Segment Start: Information shown

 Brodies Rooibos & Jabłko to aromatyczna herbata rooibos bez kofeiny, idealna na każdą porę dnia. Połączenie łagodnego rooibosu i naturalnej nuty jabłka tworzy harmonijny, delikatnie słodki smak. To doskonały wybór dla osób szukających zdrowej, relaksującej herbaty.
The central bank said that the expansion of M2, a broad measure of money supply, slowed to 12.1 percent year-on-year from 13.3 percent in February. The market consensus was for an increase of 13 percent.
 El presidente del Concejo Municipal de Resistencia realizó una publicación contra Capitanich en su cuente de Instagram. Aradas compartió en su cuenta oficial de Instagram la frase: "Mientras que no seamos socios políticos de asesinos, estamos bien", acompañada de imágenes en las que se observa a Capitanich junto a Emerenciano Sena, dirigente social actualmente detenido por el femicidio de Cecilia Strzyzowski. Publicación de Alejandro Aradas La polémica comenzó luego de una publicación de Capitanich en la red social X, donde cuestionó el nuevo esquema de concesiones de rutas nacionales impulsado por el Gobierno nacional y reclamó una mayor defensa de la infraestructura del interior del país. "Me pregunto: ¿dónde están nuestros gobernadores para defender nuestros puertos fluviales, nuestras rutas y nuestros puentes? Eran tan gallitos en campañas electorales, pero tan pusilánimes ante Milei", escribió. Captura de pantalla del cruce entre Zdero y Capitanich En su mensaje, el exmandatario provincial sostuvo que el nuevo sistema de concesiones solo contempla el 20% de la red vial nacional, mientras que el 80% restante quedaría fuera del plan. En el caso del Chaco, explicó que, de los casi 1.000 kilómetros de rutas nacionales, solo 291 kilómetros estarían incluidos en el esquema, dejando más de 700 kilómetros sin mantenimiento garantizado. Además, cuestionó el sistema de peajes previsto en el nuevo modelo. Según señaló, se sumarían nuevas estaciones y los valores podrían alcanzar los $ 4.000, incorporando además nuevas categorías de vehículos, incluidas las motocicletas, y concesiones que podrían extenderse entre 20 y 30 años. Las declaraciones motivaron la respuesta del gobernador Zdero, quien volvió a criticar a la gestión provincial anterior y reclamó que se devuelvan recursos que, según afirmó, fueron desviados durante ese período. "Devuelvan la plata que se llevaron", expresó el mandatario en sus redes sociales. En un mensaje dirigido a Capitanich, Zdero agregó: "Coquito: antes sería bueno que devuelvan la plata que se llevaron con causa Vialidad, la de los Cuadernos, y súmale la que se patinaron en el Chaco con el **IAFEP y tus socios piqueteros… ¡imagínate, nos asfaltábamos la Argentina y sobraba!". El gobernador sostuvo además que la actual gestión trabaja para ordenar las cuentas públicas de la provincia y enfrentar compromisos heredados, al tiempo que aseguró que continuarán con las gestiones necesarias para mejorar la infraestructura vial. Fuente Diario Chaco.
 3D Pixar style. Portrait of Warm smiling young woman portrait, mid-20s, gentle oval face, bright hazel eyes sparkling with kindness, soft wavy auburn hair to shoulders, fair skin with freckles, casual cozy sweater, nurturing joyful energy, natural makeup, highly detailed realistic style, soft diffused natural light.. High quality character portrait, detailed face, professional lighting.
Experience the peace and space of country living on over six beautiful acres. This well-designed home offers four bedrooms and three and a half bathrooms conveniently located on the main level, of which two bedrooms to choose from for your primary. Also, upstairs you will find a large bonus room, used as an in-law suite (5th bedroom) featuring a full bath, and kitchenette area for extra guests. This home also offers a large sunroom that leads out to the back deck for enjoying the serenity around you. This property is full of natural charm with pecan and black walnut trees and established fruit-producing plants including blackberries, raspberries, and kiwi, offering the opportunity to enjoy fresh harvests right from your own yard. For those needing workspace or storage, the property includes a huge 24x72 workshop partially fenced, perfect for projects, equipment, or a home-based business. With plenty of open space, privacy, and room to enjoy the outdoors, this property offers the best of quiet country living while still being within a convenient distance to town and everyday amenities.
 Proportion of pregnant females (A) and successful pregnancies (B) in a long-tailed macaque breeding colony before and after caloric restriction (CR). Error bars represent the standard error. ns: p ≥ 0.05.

Segment End: Information shown

What you need to do
Quote verbatim the opening lines of the listing above, ending with the line where "The central bank" appears; include both endpoints and nothing more.

Problem solution
 Brodies Rooibos & Jabłko to aromatyczna herbata rooibos bez kofeiny, idealna na każdą porę dnia. Połączenie łagodnego rooibosu i naturalnej nuty jabłka tworzy harmonijny, delikatnie słodki smak. To doskonały wybór dla osób szukających zdrowej, relaksującej herbaty.
The central bank said that the expansion of M2, a broad measure of money supply, slowed to 12.1 percent year-on-year from 13.3 percent in February. The market consensus was for an increase of 13 percent.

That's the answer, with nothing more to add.